Over the past 3 weeks, I've had some incredible options trades with Apple Computer, or now named, Apple Inc. I started on December 27th, 2006, and here are some of the trades I made.

12/27/2006 - Apple JAN '07 $80 Call - Bought $3.80 - Sold $4.90 = 26% Gain
12/27/2006 - Apple FEB '07 $80 Call - Bought $5.40 - Sold $9.00 = 66% Gain
1/3/2007 - Apple JAN '07 $100 Call - Bought $0.41 - Sold $0.70 = 70% Gain

As of right now I'm still holding some of the Jan '07 $100 Calls at an average price of $0.41 cents per contract. Today they were up over 100%. I'm trying to devise a strategy to hold them into earnings. I'm looking for some advise on which strategy to employ to reduce risk. Any ideas options traders? Thanks

Today the buyers surely came out in Apple after the release of their new iPhone, iTV (Apple TV), Widescreen iPod, etc.
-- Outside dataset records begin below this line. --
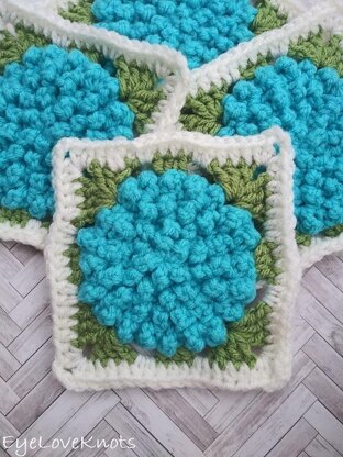 This afghan square was originally designed as part of my Endless Summer Tote Bag, but there are endless possibilities of what you can create with just this square alone! Video tutorial included. For my square, I used a small amount of Red Heart Super Saver in Soft White, Turqua and Tea Leaf Green together with a H8/5mm crochet hook, but you can use any weight yarn with respective hook size depending on the size you want and project in mind. Example, the square I made in Super Saver turned out to be 4.75", while one I worked in WeCrochet Dishe with a H8/5mm hook turned out to be 4.88".
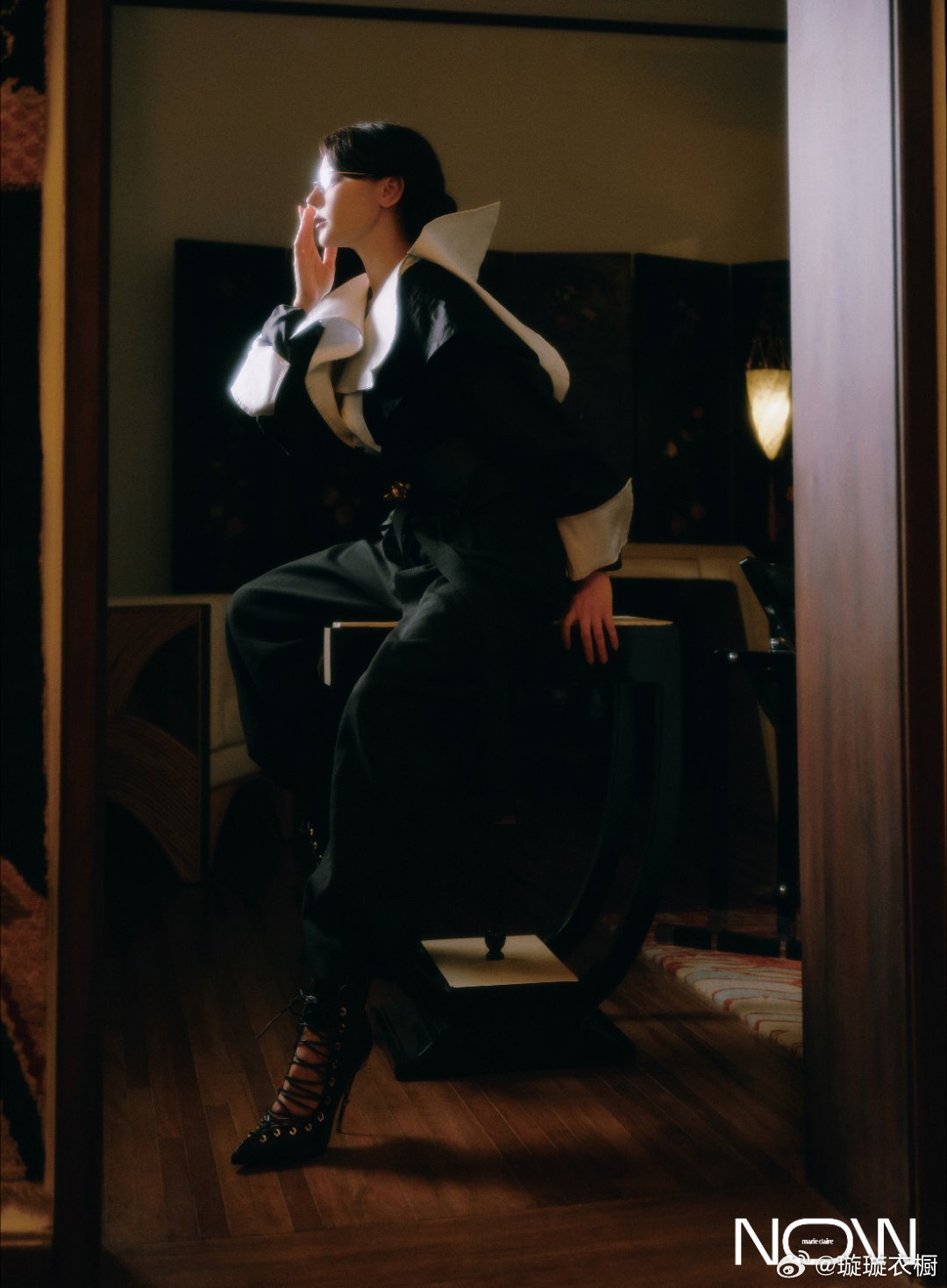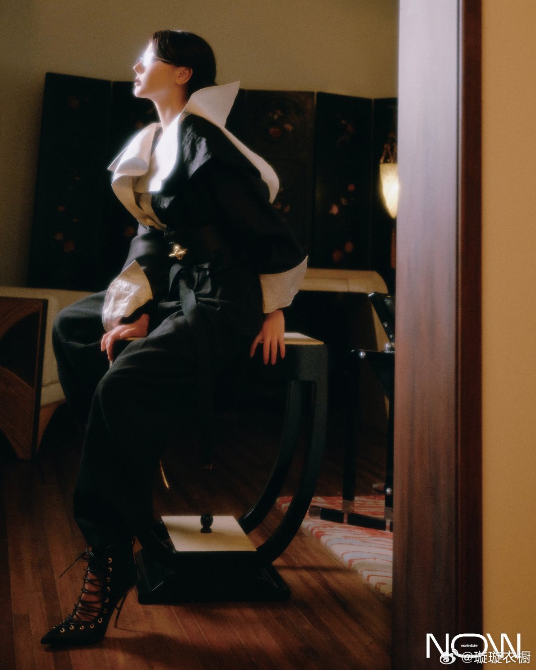 迪丽热巴珍珠缠绕指尖似星河倾泻裙摆铺开如暮色浸染的绸缎。黑与粉交织成时光的变奏,每一帧都是优雅的诗行。迪丽热巴与角色同行大片
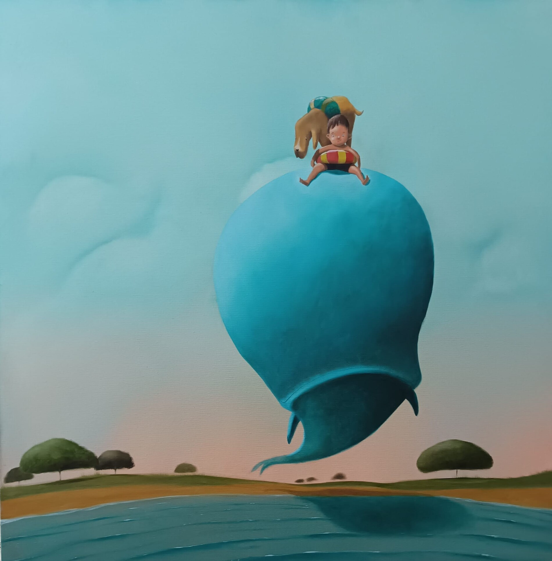 Sospeso tra cielo e acqua, un bambino si lascia trasportare dal dorso morbido di una creatura immaginaria, insieme al suo migliore amico. La scena racconta quel momento fragile e prezioso che precede ogni partenza: l’attimo in cui si raccoglie il coraggio e si sceglie di fidarsi.
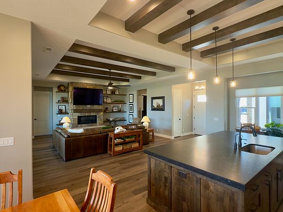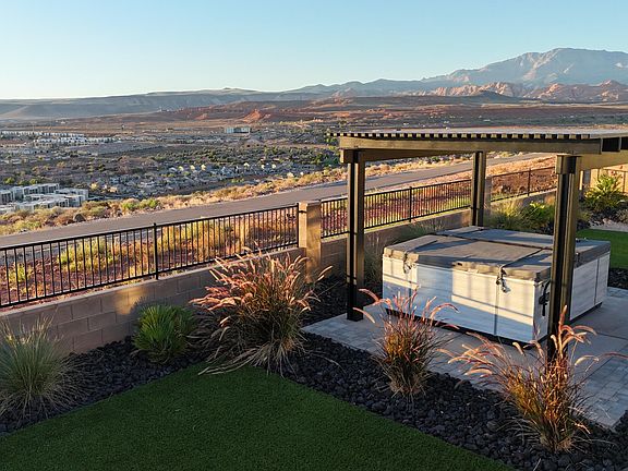 This luxury home showcases panoramic views of the valley and Pine Valley Mountain. With 5 spacious bedroom sand 4.5 baths, the ope concept layout is filled with natural light and designed for both comfort and sophistication. Exceptional craftsmanship throughout! The living room features a stunning fireplace and large sliding doors that seamlessly blend indoor and outdoor living. The gourmet kitchen is equipped with top of the line appliances, large island quartz countertops and custom cabinetry. The generous primary suite includes a spa inspired ensuite bath. Outside, the pristine backyard offers multiple awnings, low maintenance turf and a 9 person hot tub overlooking the valley. Additional highlights include a 4 car garage and direct access to the nearby bike trails.
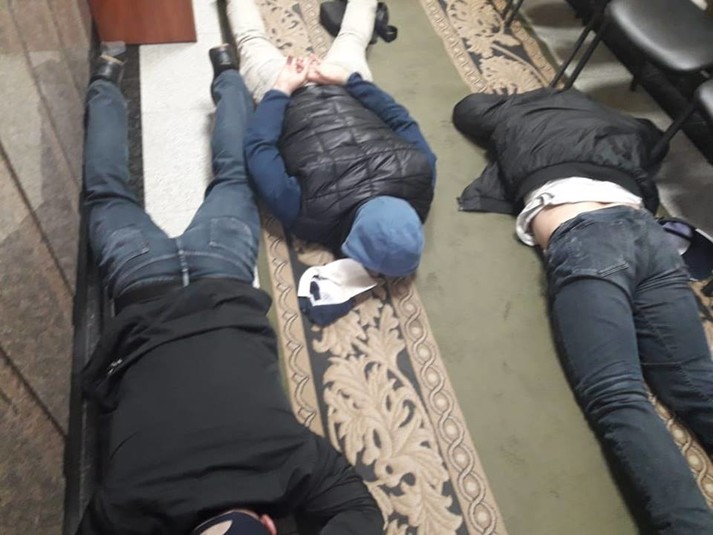 По информации одесского издания «Думская», полицейские задержали в облавтодоре владельца и директора строительной компании «Дорлидер» Араика Амирханяна и восемь нанятых им в Киеве боевиков. У них изъяли ножи и травматические пистолеты.
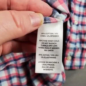 Vineyard Vines Mens L Pink Blue White Plaid Classic Fit Button Down Shirt Cotton Linen Blend

I did what I've heard as being called, "feeding the ducks". These buyers were so strong they kept bidding up these options to 200% at one point, so I kept selling some of my position right at the top to feed these guys, and sure enough, they picked up my orders with a 116% gain. Take a look...

3 comments:

Anonymous said...

Why hold until earnings.....Sell the news...
How is Futures trading going?

Big Bill

Bubs said...

Great trade on the apple options. I was able to scalp some shares today for a quick gain.

Bubs

Phil said...

The second Apple doesn't gain 15% on their earnings announcement the Jan $100s become worthless.

The largest 1 week move in Apple in 5 years is $10 other than this past week, which ended at $10 anway.

Sell those for sure, the real trick with Apple is to buy the high Febs (assuming good earnings) as the air comes out of them the next day and people start panic selling the options because they don't think they'll get hit.